However, how can we distinguish in legislation between these types of premises? I suggest that it would be extremely difficult to do so and that the exemption now being sought would in fact make it difficult to put in place adequate control over the kind of community hall that I have just described. The amendment would allow an unlimited number of temporary events involving licensable activities to take place in village halls. In effect that would allow widespread circumvention of the licensing laws. Furthermore, it would undermine the balance we have sought to achieve between a light-touch regime and the protection of local residents.
I had thought that the noble Lord, Lord Brooke, would oppose the amendment. It would have been logical and consistent for him to do so. We could be in danger of ending up with a system where alcohol could be sold from, or entertainment put on in, village halls all year round without the need of a licence and thus with no opportunity for local residents to object.
Baroness Buscombe: My Lords, I am deeply disappointed with the Minister's response. Already I am drafting an amendment to table at Third Reading. Perhaps I should extend it to apply to community halls that have no bar.
Quite on purpose we limited the amendment to cover only village halls because we are talking about what are essentially small village halls where there is no bar and people bring in any alcohol that is to be drunk that evening.

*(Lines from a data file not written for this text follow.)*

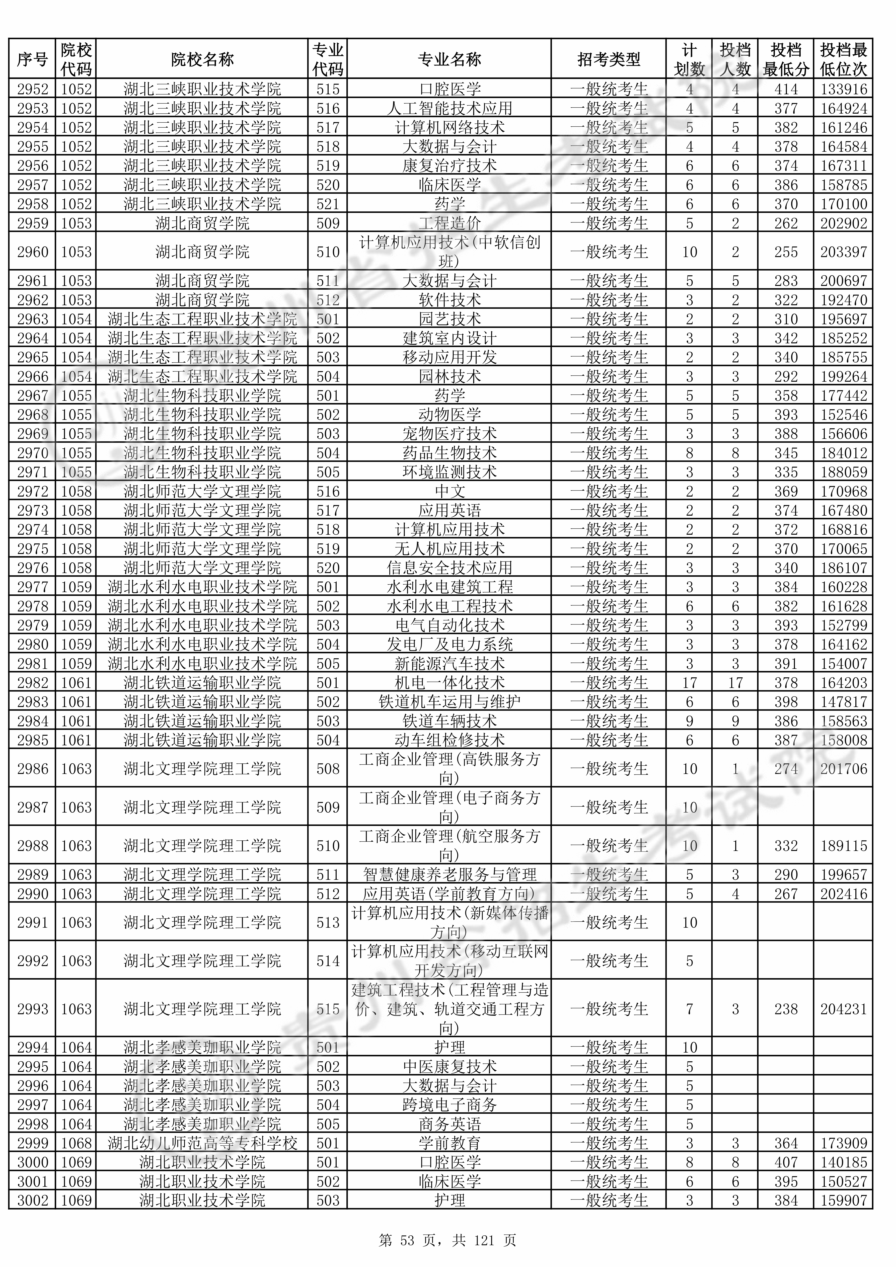 | 普通类高职(专科)批 | ||||||||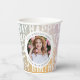 Tasse en papier moderne contemporaine pour la fête d'anniversaire photo. Avec espace pour la photo et l'information. Moderne rose girly, pur[ple, turquoise, bleu, vert, orange, jaune pastel arc-en-ciel et blanc peuvent être customisés selon votre style.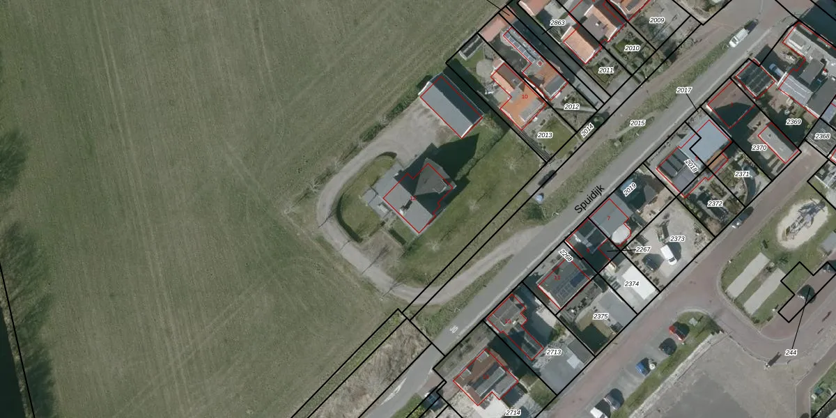Het perceel waarop Spuidijk 12 staat heeft een oppervlakte van 2,6 ha. Dit is een zeer groot perceel. De perceeloppervlakte wordt geregistreerd door het Kadaster. Gedetailleerde informatie over de maten van dit perceel kunt u vinden in het rapport Kadastrale kaart met maatvoering van Spuidijk 12.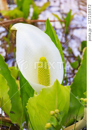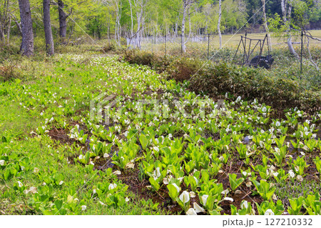初夏の尾瀬 新緑と満開の水芭蕉 研究見本園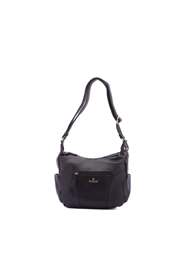 Caracteristici Culoare: negru Material: piele ecologica Model: de umar Stil: casual Imprimeu: uni Barete: ajustabile Buzunare: 2 buzunare exterioare cu fermoar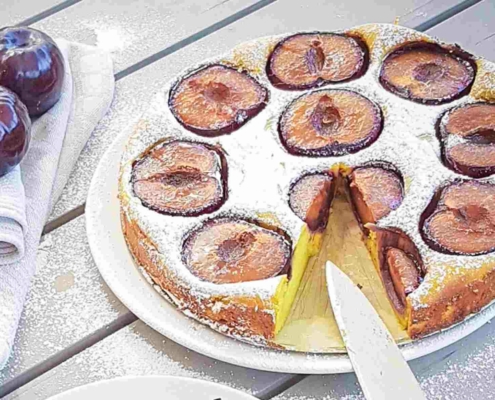 Ik hou van desserts. Zeker als ze makkelijk te maken zijn, zoals deze vegan clafoutis met pruimen. Deze hemelse Franse taart maak je in een handomdraai.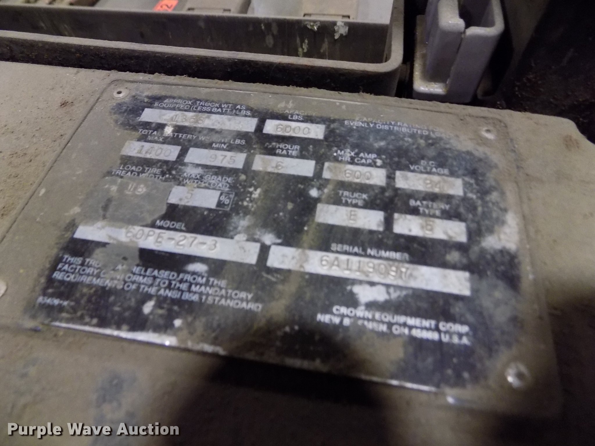 Purple Wave is selling a used Warehouse Forklift in Kansas. This item is a Crown 60PE-27-3 pallet jack with the following: 24V electric motor, 48" fork length, No batteries, Unknown operating condition, Serial 6A119097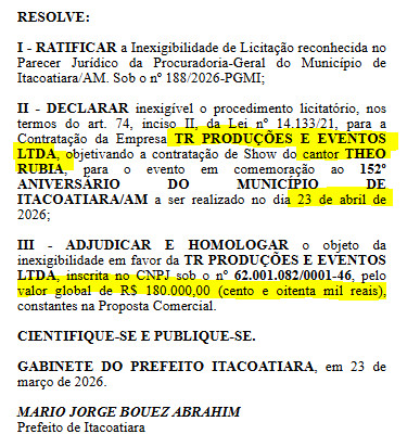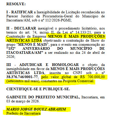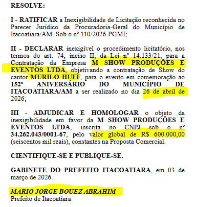 O prefeito Mário Abrahim (Republicanos), deve ser investigado pelos órgãos de fiscalização do poder público, pelo gasto de mais de R$ 2 milhões em contratações de artistas nacionais para o 152º Aniversário de Itacoatiara.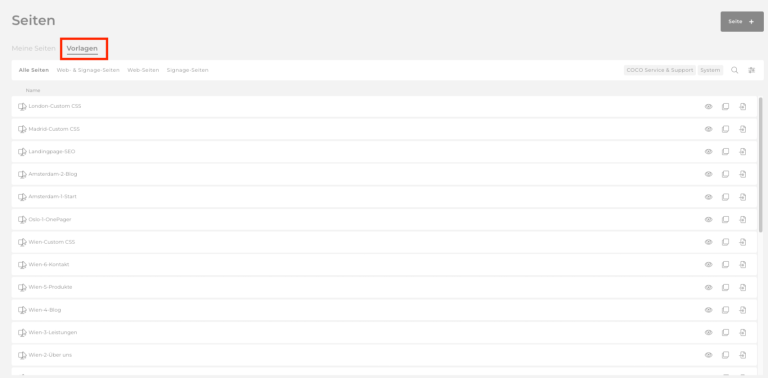 Unter Signage>Seiten oder Webseite>Seiten im Bereich Vorlagen kannst mit dem Auge alle Vorlagen ansehen. Mit dem Blatt Papier kannst du eine Vorlage für deine Seite verwenden.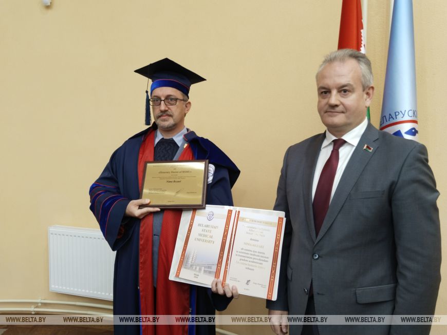 "Мы открыты для взаимодействия, наше международное сотрудничество выходит на новый уровень", - сказал он.По словам проректора по международным связям БГМУ доктора медицинских наук, профессора Василия Руденка, звание "Почетный доктор" БГМУ было единогласно присуждено профессору еще в октябре прошлого года, но только сейчас ему удалось приехать в Беларусь.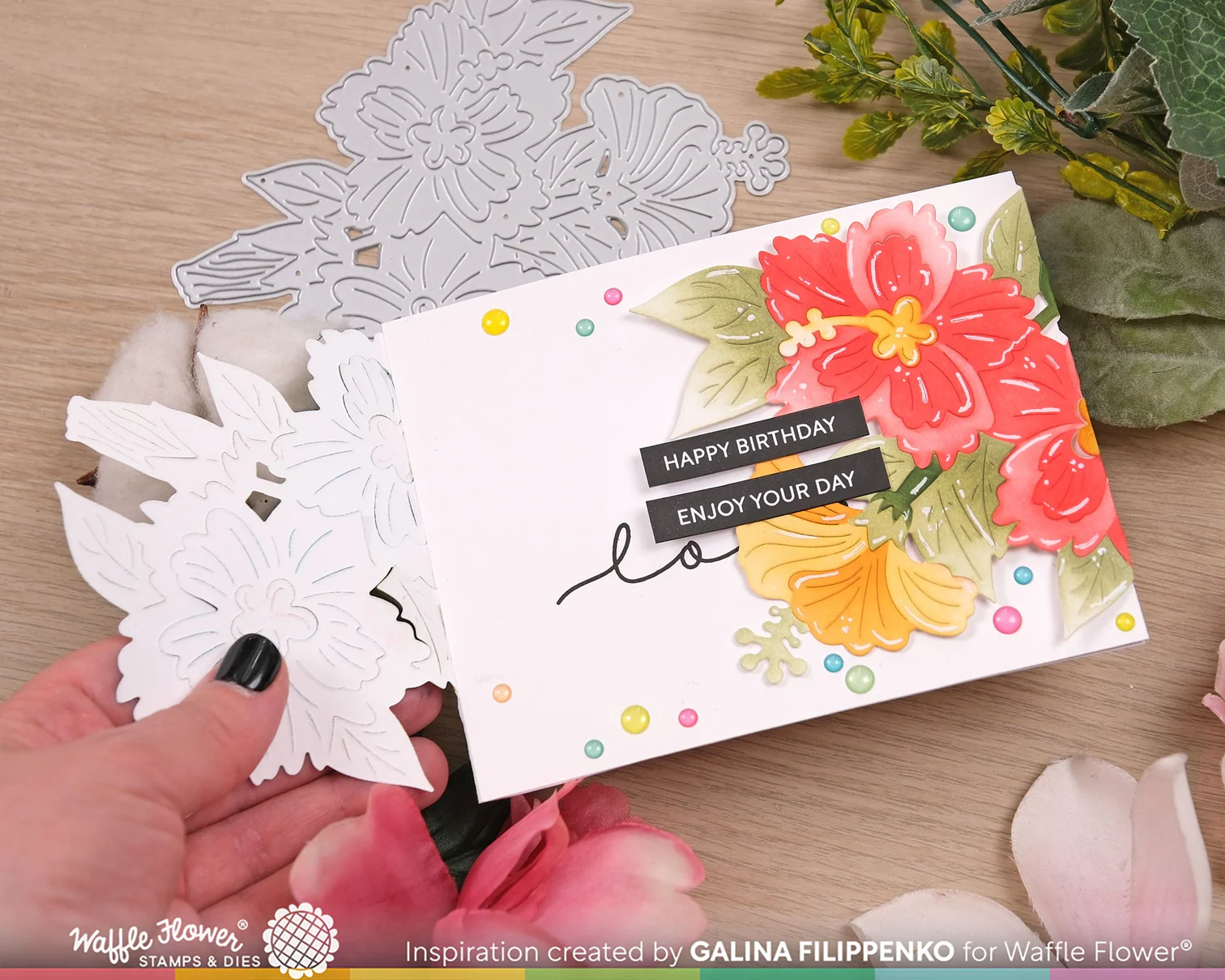 Note: The mask layer for the bottom flower center may lift while ink blending the petals—but don’t worry! The separate die-cut flower center is designed to cover that area perfectly.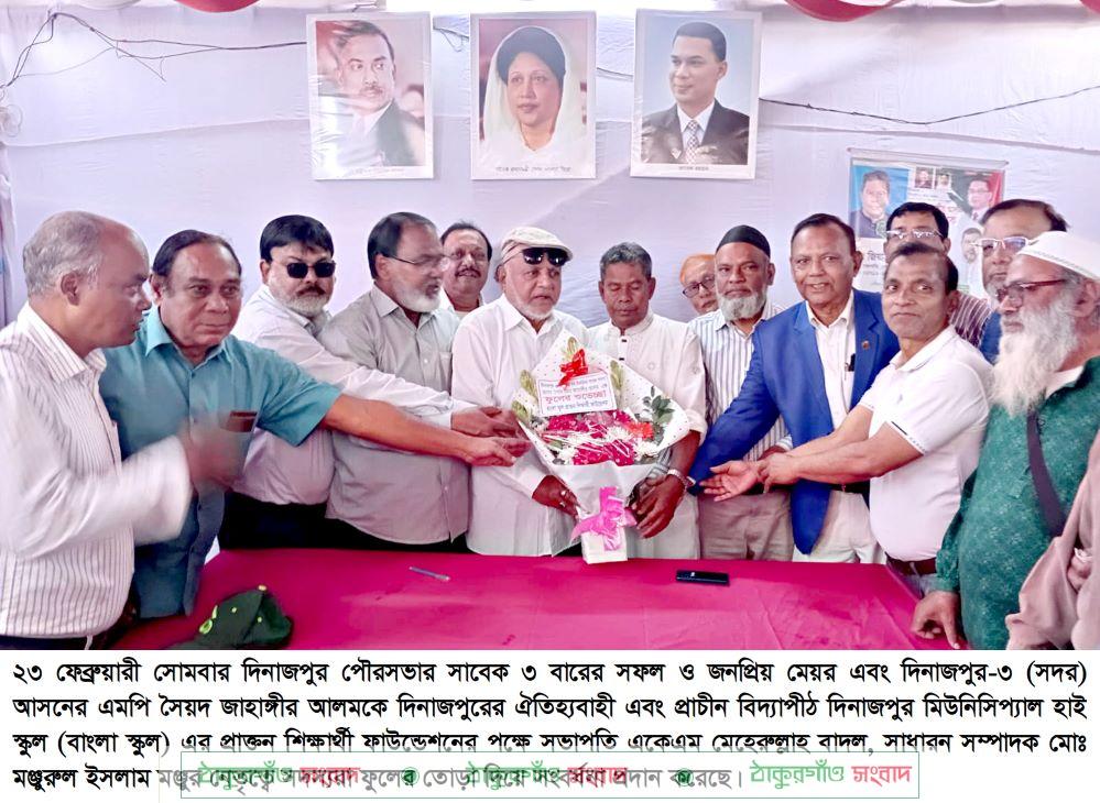 সোমবার দিনাজপুর পৌরসভার সাবেক ৩ বারের সফল ও জনপ্রিয় মেয়র এবং দিনাজপুর-৩ (সদর) আসনের এমপি সৈয়দ জাহাঙ্গীর আলমকে দিনাজপুরের ঐতিহ্যবাহী এবং প্রাচীন বিদ্যাপীঠ দিনাজপুর মিউনিসিপ্যাল হাই স্কুল (বাংলা স্কুল) এর প্রাক্তন শিক্ষার্থী ফাউন্ডেশনের পক্ষে সভাপতি একেএম মেহেরুল্লাহ বাদল, সাধারন সম্পাদক মোঃ মঞ্জুরুল ইসলাম মঞ্জুর নেতৃত্বে সদস্যরা ফুলের তোড়া দিয়ে সংবর্ধনা প্রদান করেছে।

It does sound idyllic, but I am proud to say that it is also real. That kind of activity and way of life, in spite of all the bullying and bureaucracy from central government, continues unabated at the local level. We should celebrate and encourage it for the years to come by ensuring that, in a Bill of this kind, we do not make life more difficult for local people working voluntarily and trying to do whatever they can to keep local communities together.